*** Opening of TASK DATA ***
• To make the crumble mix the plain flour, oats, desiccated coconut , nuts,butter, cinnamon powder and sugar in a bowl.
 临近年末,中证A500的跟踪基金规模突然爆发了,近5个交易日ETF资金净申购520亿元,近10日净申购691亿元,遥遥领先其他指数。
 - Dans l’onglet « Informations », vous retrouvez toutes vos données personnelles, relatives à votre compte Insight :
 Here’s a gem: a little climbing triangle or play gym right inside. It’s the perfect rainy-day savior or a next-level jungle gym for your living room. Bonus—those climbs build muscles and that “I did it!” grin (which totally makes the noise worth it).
*** Close of TASK DATA ***
*** Opening of TASK DATA ***
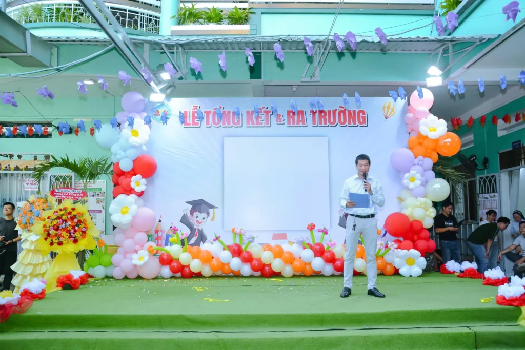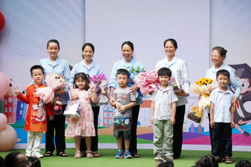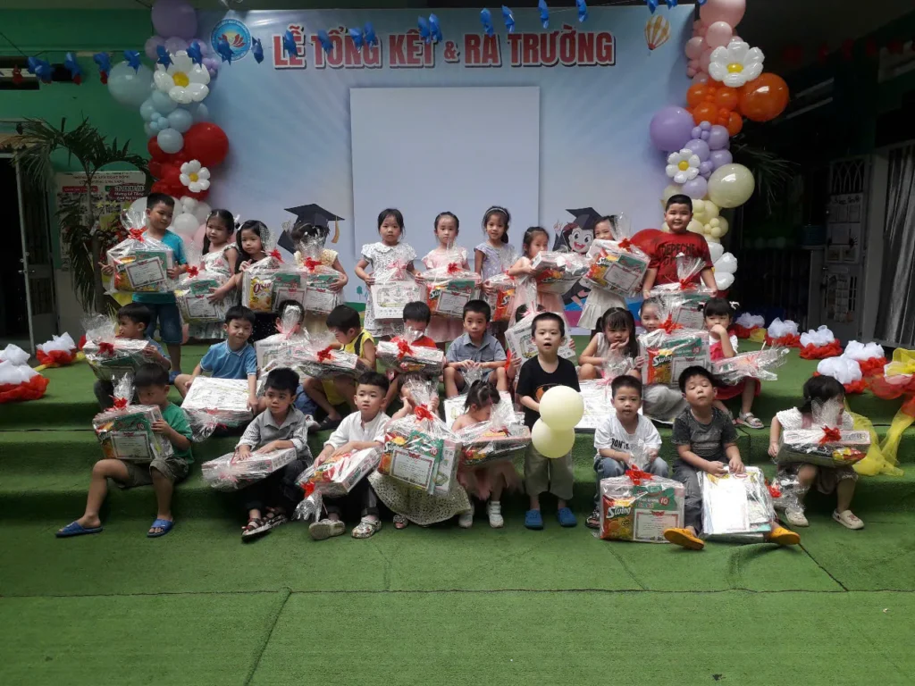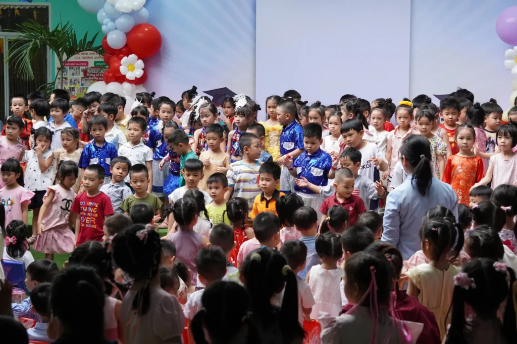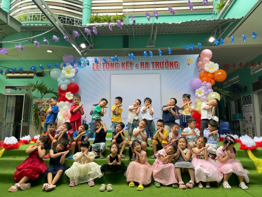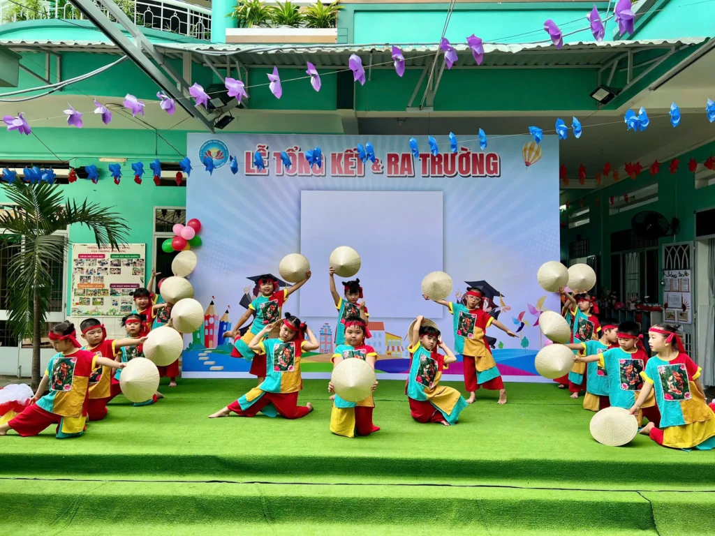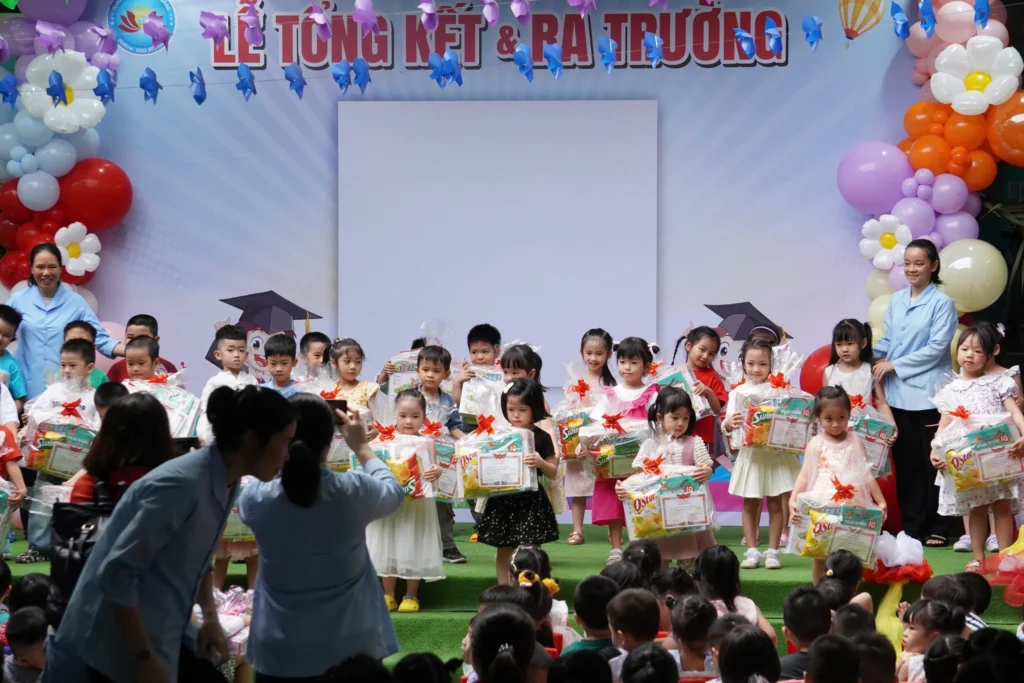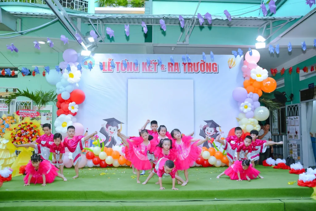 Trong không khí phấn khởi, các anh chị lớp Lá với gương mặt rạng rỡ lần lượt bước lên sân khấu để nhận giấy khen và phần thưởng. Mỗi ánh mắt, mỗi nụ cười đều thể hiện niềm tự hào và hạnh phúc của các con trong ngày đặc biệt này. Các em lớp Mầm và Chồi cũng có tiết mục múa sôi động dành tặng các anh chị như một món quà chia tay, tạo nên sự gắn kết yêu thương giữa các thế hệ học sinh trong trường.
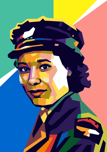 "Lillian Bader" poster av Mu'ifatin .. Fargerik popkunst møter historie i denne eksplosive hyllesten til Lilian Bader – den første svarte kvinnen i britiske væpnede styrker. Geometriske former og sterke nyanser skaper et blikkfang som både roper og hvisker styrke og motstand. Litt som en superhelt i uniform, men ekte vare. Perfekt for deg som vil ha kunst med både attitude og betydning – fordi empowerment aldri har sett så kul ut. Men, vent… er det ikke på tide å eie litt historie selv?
*** Close of TASK DATA ***
*** Opening of TASK DATA ***
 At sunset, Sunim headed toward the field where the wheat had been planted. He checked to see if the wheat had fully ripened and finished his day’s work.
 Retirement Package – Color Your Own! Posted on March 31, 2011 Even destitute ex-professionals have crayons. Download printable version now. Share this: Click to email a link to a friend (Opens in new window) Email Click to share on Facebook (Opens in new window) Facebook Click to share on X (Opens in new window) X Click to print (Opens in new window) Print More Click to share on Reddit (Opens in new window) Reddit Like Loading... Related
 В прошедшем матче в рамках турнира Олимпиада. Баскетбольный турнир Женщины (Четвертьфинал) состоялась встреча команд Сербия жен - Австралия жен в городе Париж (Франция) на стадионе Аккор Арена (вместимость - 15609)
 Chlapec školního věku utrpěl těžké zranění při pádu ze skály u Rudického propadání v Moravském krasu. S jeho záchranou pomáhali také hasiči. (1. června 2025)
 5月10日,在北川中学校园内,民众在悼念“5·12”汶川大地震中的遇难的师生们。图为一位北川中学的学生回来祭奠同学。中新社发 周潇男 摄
*** Close of TASK DATA ***
Give an exact copy of the lines above from the line with "sugar in a bowl." up to and including the line with "Here’s a gem: a", and leave everything else out.

EXERCISE SOLUTION:
• To make the crumble mix the plain flour, oats, desiccated coconut , nuts,butter, cinnamon powder and sugar in a bowl.
 临近年末,中证A500的跟踪基金规模突然爆发了,近5个交易日ETF资金净申购520亿元,近10日净申购691亿元,遥遥领先其他指数。
 - Dans l’onglet « Informations », vous retrouvez toutes vos données personnelles, relatives à votre compte Insight :
 Here’s a gem: a little climbing triangle or play gym right inside. It’s the perfect rainy-day savior or a next-level jungle gym for your living room. Bonus—those climbs build muscles and that “I did it!” grin (which totally makes the noise worth it).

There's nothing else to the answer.